(Data to use begins)
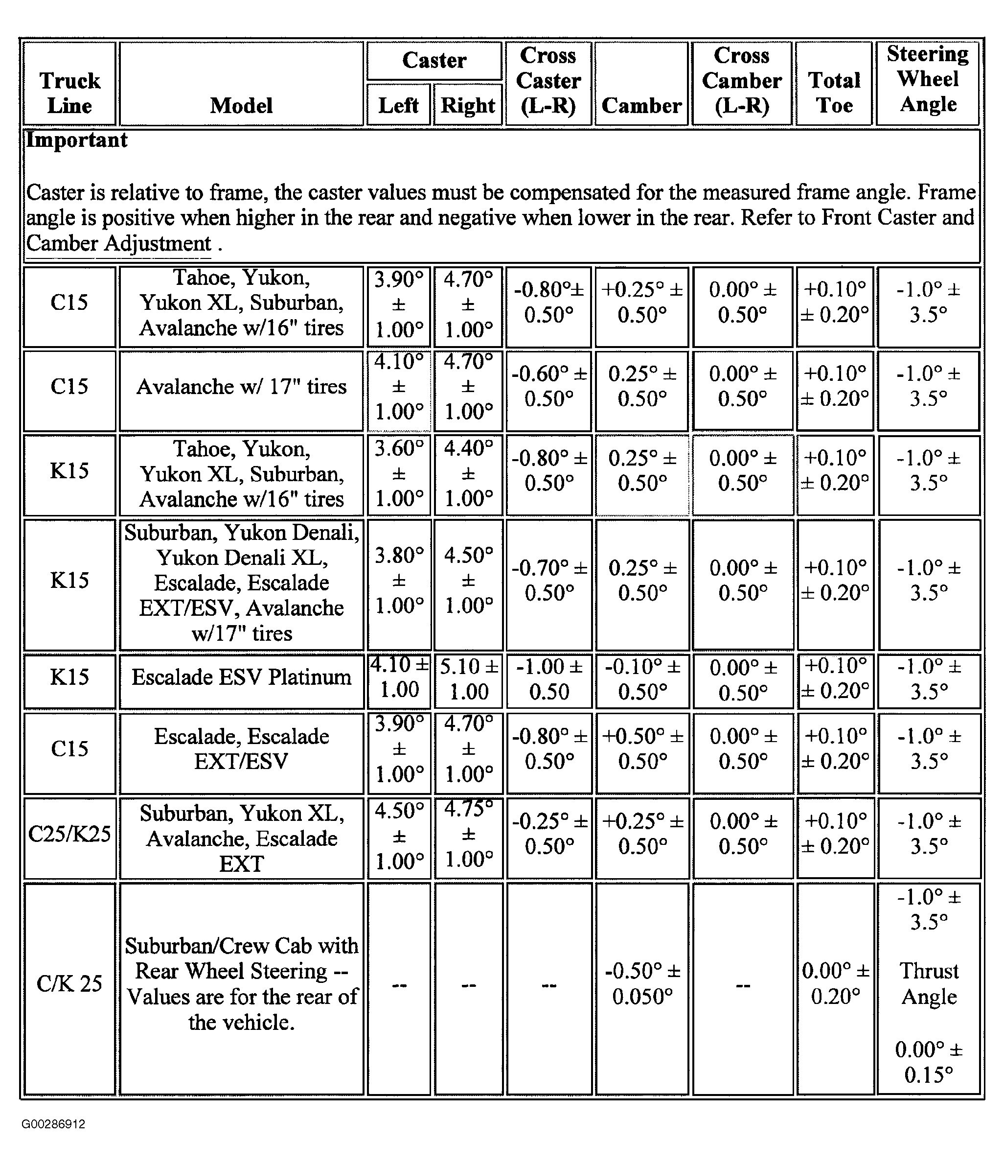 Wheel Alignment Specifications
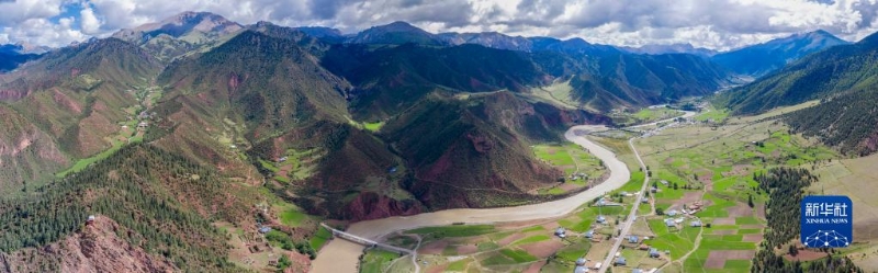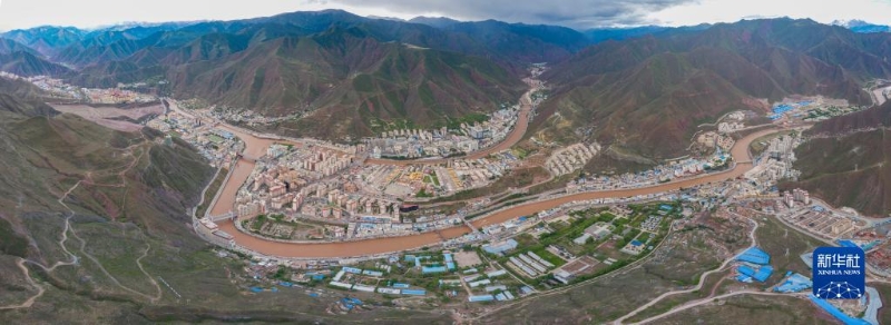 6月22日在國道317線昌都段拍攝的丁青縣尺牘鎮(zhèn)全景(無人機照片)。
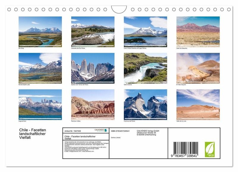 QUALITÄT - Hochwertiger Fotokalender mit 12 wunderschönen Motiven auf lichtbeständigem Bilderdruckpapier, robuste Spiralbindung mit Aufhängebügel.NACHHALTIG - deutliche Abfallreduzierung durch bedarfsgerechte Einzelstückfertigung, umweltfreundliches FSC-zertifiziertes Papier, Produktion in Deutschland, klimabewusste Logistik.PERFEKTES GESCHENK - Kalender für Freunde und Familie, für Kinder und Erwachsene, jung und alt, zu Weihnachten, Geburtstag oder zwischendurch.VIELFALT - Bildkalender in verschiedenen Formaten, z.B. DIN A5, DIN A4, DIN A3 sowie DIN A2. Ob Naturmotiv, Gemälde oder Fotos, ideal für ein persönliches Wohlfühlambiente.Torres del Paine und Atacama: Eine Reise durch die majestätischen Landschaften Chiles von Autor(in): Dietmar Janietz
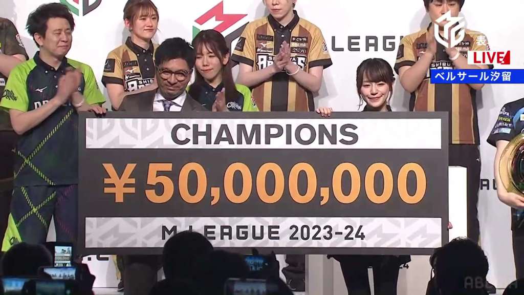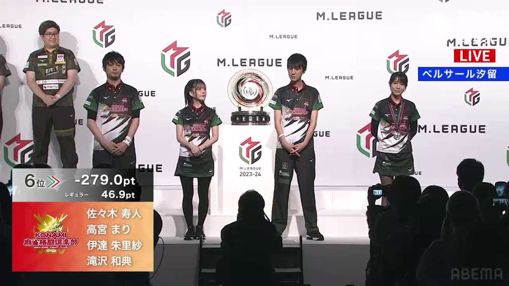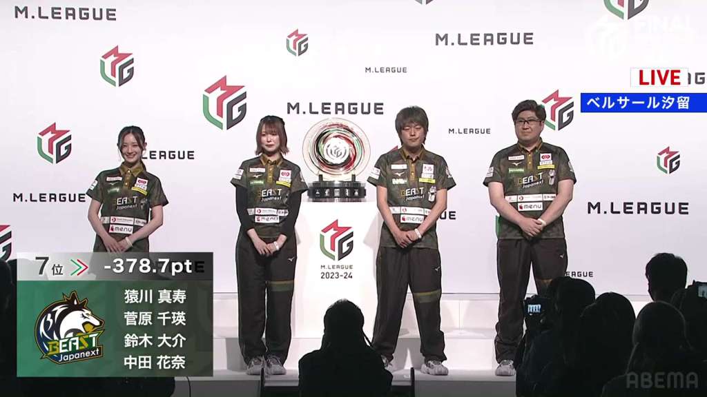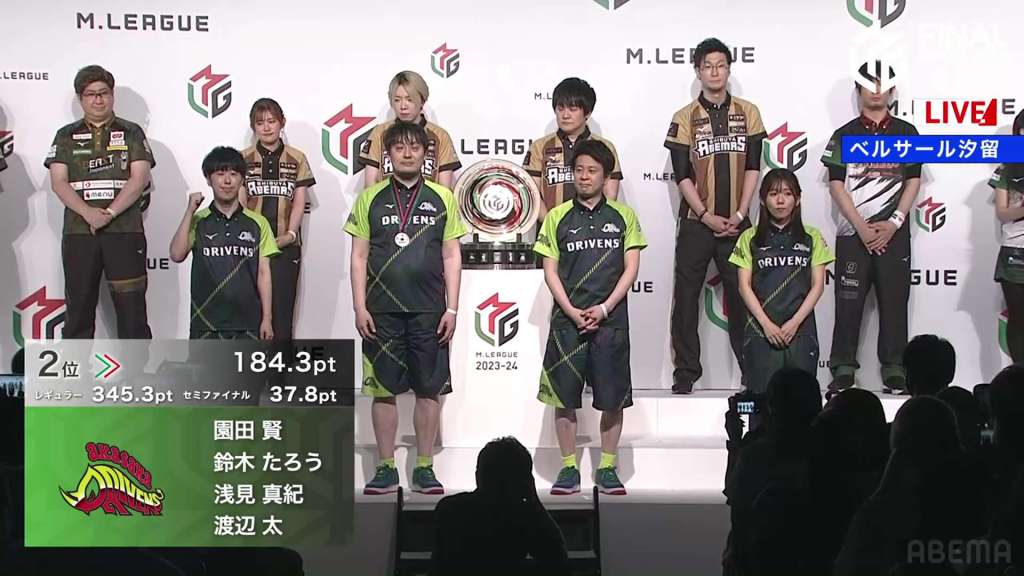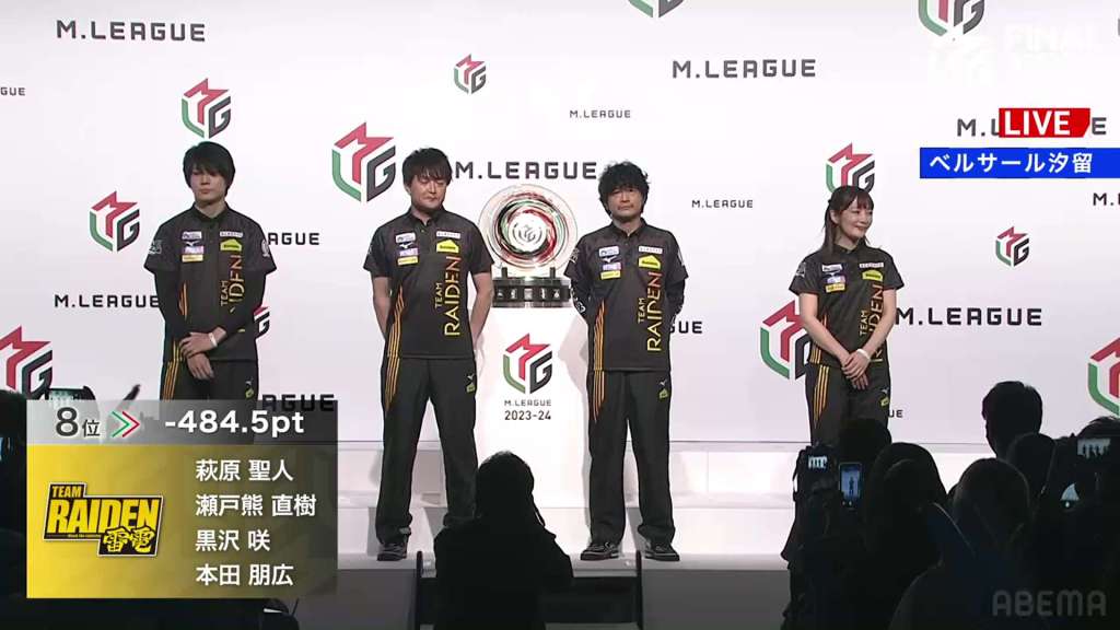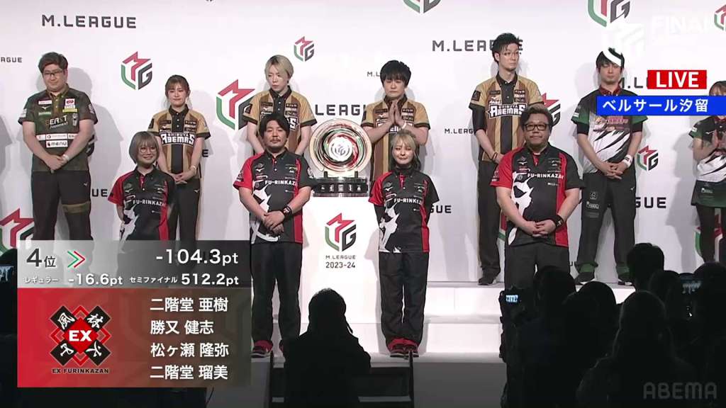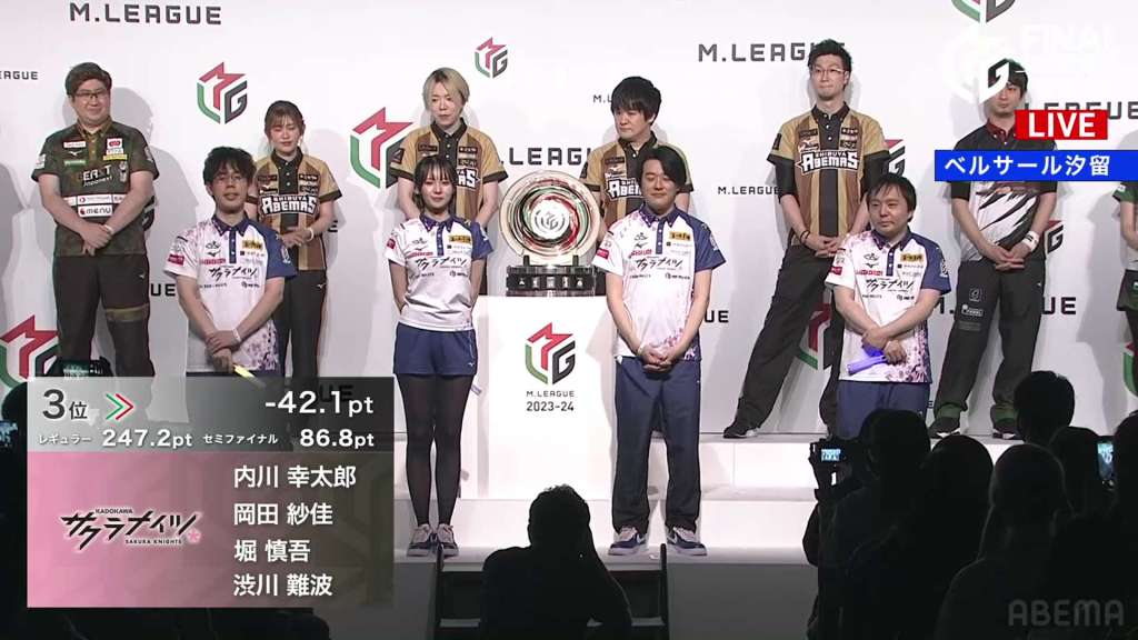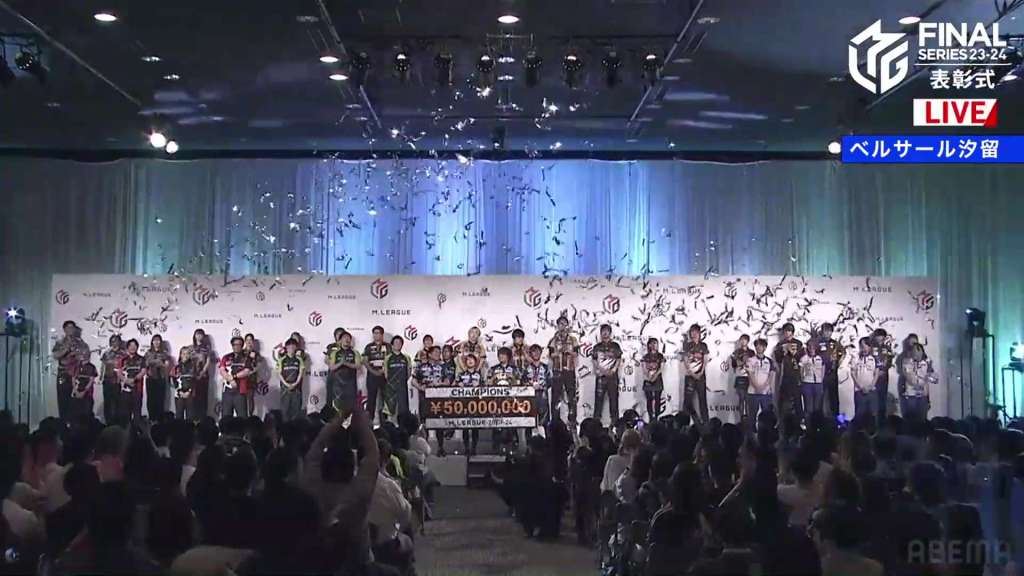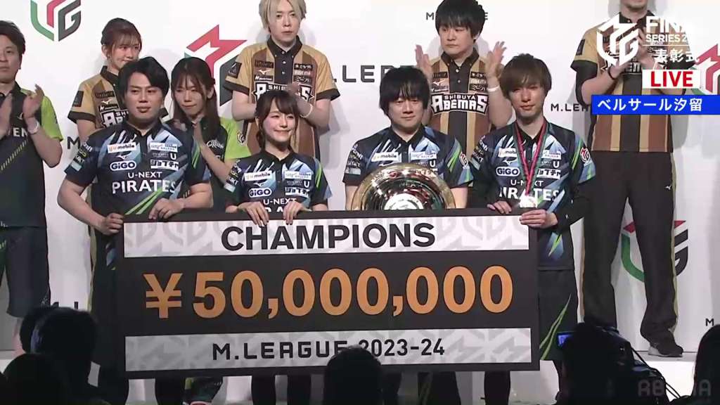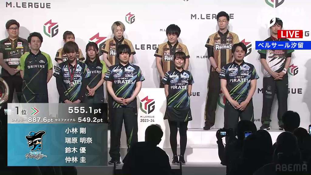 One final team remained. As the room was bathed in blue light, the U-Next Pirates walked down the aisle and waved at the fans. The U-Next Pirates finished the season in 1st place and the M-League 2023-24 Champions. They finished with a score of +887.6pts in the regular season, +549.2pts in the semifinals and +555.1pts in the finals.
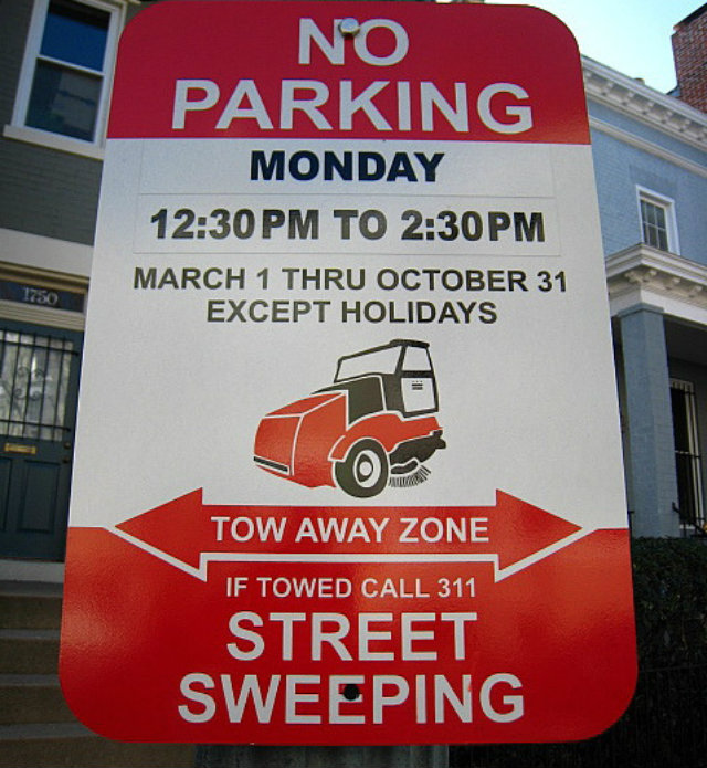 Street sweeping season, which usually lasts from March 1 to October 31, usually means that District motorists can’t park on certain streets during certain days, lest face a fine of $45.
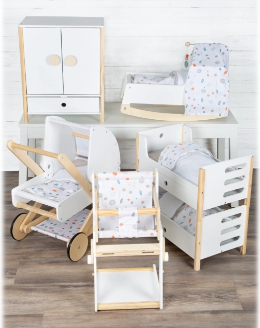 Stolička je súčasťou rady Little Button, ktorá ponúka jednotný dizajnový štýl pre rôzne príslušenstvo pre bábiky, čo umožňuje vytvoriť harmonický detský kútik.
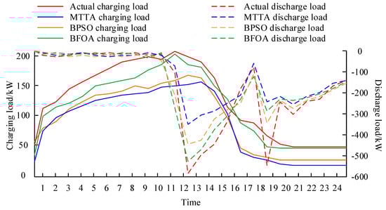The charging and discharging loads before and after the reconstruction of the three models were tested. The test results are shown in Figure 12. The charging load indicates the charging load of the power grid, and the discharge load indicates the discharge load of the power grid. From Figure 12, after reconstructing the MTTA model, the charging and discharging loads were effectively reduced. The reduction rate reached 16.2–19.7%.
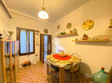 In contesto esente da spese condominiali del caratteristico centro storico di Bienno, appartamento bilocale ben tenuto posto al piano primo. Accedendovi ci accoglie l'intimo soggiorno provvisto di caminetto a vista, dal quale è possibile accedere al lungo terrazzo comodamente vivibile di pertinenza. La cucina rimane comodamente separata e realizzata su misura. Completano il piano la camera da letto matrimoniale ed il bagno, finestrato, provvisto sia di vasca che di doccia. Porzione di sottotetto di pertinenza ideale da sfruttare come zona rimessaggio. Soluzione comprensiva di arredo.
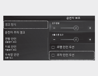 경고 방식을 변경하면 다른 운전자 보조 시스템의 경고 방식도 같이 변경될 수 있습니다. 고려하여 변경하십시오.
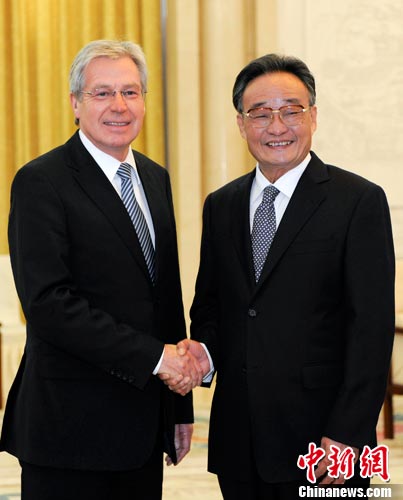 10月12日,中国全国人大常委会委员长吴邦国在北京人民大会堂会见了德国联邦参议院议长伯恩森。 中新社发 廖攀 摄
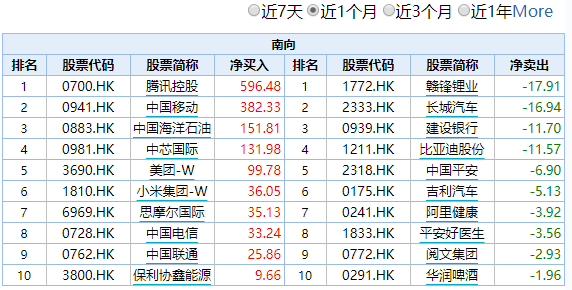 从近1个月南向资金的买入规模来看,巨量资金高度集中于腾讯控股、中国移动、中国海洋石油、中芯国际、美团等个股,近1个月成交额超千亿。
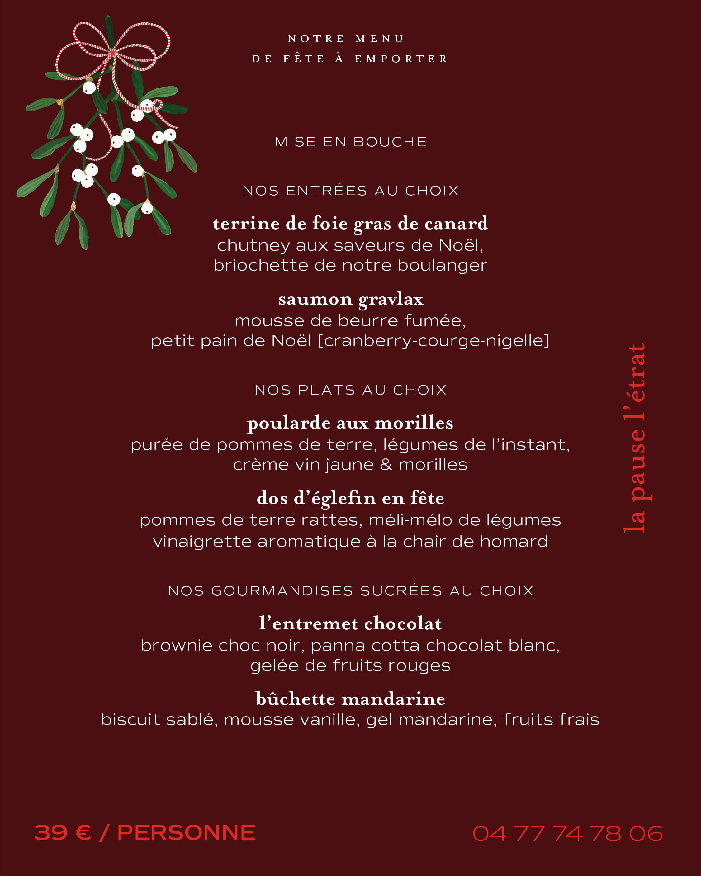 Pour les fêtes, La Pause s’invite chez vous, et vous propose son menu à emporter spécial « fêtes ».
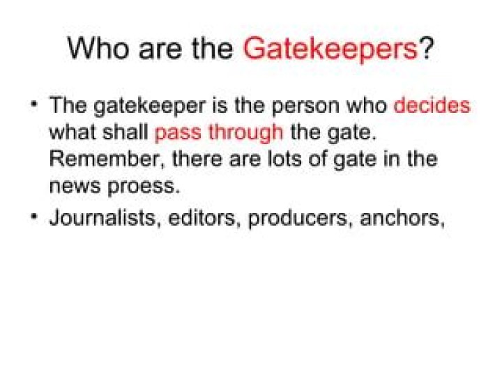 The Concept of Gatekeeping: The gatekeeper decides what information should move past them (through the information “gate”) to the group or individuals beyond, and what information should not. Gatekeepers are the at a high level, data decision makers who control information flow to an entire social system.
(Data to use ends)
§ **Description of the task**
Leaving the pictures out, transcribe the entries above exactly as written.

§ **Response area**
 Wheel Alignment Specifications
 6月22日在國道317線昌都段拍攝的丁青縣尺牘鎮(zhèn)全景(無人機照片)。
 QUALITÄT - Hochwertiger Fotokalender mit 12 wunderschönen Motiven auf lichtbeständigem Bilderdruckpapier, robuste Spiralbindung mit Aufhängebügel.NACHHALTIG - deutliche Abfallreduzierung durch bedarfsgerechte Einzelstückfertigung, umweltfreundliches FSC-zertifiziertes Papier, Produktion in Deutschland, klimabewusste Logistik.PERFEKTES GESCHENK - Kalender für Freunde und Familie, für Kinder und Erwachsene, jung und alt, zu Weihnachten, Geburtstag oder zwischendurch.VIELFALT - Bildkalender in verschiedenen Formaten, z.B. DIN A5, DIN A4, DIN A3 sowie DIN A2. Ob Naturmotiv, Gemälde oder Fotos, ideal für ein persönliches Wohlfühlambiente.Torres del Paine und Atacama: Eine Reise durch die majestätischen Landschaften Chiles von Autor(in): Dietmar Janietz
 One final team remained. As the room was bathed in blue light, the U-Next Pirates walked down the aisle and waved at the fans. The U-Next Pirates finished the season in 1st place and the M-League 2023-24 Champions. They finished with a score of +887.6pts in the regular season, +549.2pts in the semifinals and +555.1pts in the finals.
 Street sweeping season, which usually lasts from March 1 to October 31, usually means that District motorists can’t park on certain streets during certain days, lest face a fine of $45.
 Stolička je súčasťou rady Little Button, ktorá ponúka jednotný dizajnový štýl pre rôzne príslušenstvo pre bábiky, čo umožňuje vytvoriť harmonický detský kútik.
The charging and discharging loads before and after the reconstruction of the three models were tested. The test results are shown in Figure 12. The charging load indicates the charging load of the power grid, and the discharge load indicates the discharge load of the power grid. From Figure 12, after reconstructing the MTTA model, the charging and discharging loads were effectively reduced. The reduction rate reached 16.2–19.7%.
 In contesto esente da spese condominiali del caratteristico centro storico di Bienno, appartamento bilocale ben tenuto posto al piano primo. Accedendovi ci accoglie l'intimo soggiorno provvisto di caminetto a vista, dal quale è possibile accedere al lungo terrazzo comodamente vivibile di pertinenza. La cucina rimane comodamente separata e realizzata su misura. Completano il piano la camera da letto matrimoniale ed il bagno, finestrato, provvisto sia di vasca che di doccia. Porzione di sottotetto di pertinenza ideale da sfruttare come zona rimessaggio. Soluzione comprensiva di arredo.
 경고 방식을 변경하면 다른 운전자 보조 시스템의 경고 방식도 같이 변경될 수 있습니다. 고려하여 변경하십시오.
 10月12日,中国全国人大常委会委员长吴邦国在北京人民大会堂会见了德国联邦参议院议长伯恩森。 中新社发 廖攀 摄
 从近1个月南向资金的买入规模来看,巨量资金高度集中于腾讯控股、中国移动、中国海洋石油、中芯国际、美团等个股,近1个月成交额超千亿。
 Pour les fêtes, La Pause s’invite chez vous, et vous propose son menu à emporter spécial « fêtes ».
 The Concept of Gatekeeping: The gatekeeper decides what information should move past them (through the information “gate”) to the group or individuals beyond, and what information should not. Gatekeepers are the at a high level, data decision makers who control information flow to an entire social system.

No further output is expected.